Entrambi alla prima serie, a me non sono dispiaciuti.


----------



## BB7 (12 Ottobre 2013)

Invece se ti piace il fantasy con ambientazioni medievali c'è anche Game Of Thrones


----------



## Il Giovine 77 (12 Ottobre 2013)

guardati oz, semplicemente spettacolare


----------



## Stanis La Rochelle (12 Ottobre 2013)

Io direi i Soprano, serie fantastica


----------



## Doctore (12 Ottobre 2013)

bmb ha scritto:


> Prison Break e 24 già divorate anni fa
> 
> Spartacus ho provato a guardarlo ma non mi ha preso.


spartacus non ti prende??!!!


----------



## Sesfips (13 Ottobre 2013)

Io ti consiglio assolutamente Sons of anarchy. Bellissima.
Poi Homeland, Suits e Boardwalk Empire.


----------



## Ale (13 Ottobre 2013)

sto guardando la prima di homeland..niente di fenomenale, diciamo gradevole.


----------



## Il Giovine 77 (13 Ottobre 2013)

anche i soprano sono qualcosa di sublime, la mia serie preferita


----------



## cris (14 Ottobre 2013)

*Suits* è bellino


----------



## Splendidi Incisivi (14 Ottobre 2013)

Di The Following che ne dite? Ho visto la pubblicità oggi e pensavo di cominciare a seguirlo.


----------



## Jaqen (4 Novembre 2013)

Splendidi Incisivi ha scritto:


> Di The Following che ne dite? Ho visto la pubblicità oggi e pensavo di cominciare a seguirlo.



Per me è clamoroso


----------



## Morghot (8 Novembre 2013)

twin peaks twin peaks che non te ne penti


----------



## pipporo (8 Novembre 2013)

Supernatural


----------



## El-bampa (8 Novembre 2013)

Prova The Blacklist


----------



## Toby rosso nero (8 Novembre 2013)

Per me il meglio che c'è attualmente, sia come qualità che come storia-colpi di scena, è Game of Thrones.

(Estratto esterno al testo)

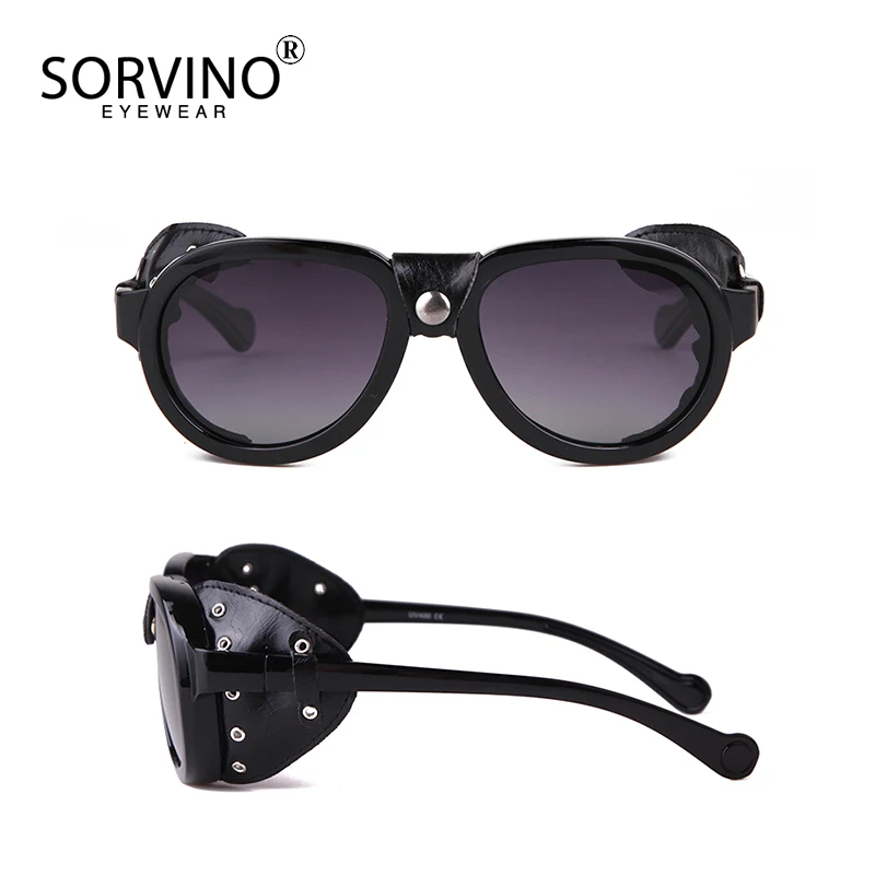 Мужские винтажные очки в стиле стимпанк SORVINO, готические солнцезащитные очки с поляризационными стеклами в стиле ретро, кожа с боковыми оттенками, солнцезащитные очки javascript:

Ma deve piacere il genere, e soprattutto bisogna rendersi conto che è un fantasy atipico, con pochissima magia e azione, tanta politica e intrigo, e milioni e milioni di dialoghi tra i personaggi.


----------



## tamba84 (18 Novembre 2013)

ti consiglio warehouse 13, un misto tra csi e x-files, fatto bene coinvolgente ti prende. Se vuoi ridere e ti è piaciuto my name is earl degli stessi produttori merita aiutami hope.

un altra serie che ne parlano bene e che inizierù domani su fox (italia ovviamente) è sleepy-hollow, da quanto ho letto sembra meriti!


----------



## Frikez (18 Novembre 2013)

Jaqen ha scritto:


> Per me è clamoroso





Kevin Bacon


----------



## vanbasten (6 Novembre 2017)

Io visto narcos, breaking bad, the walking dead(in corso) e stringer things. Mi consigliate qualcosa che si possa avvicinare alle prime 3?


----------



## Stanis La Rochelle (6 Novembre 2017)

vanbasten ha scritto:


> Io visto narcos, breaking bad, the walking dead(in corso) e stringer things. Mi consigliate qualcosa che si possa avvicinare alle prime 3?



Se ti è piaciuto breaking bad non puoi non vedere better call saul. E' una roba veramente fantastica, incredibile cosa sono riusciti a tirare fuori da questo spin off meraviglioso


----------



## vanbasten (6 Novembre 2017)

Stanis La Rochelle ha scritto:


> Se ti è piaciuto breaking bad non puoi non vedere better call saul. E' una roba veramente fantastica, incredibile cosa sono riusciti a tirare fuori da questo spin off meraviglioso



Ho visto le prime 2 puntate e non mi entusiasma ma farò un nuovo tentativo!


----------



## Stanis La Rochelle (6 Novembre 2017)

vanbasten ha scritto:


> Ho visto le prime 2 puntate e non mi entusiasma ma farò un nuovo tentativo!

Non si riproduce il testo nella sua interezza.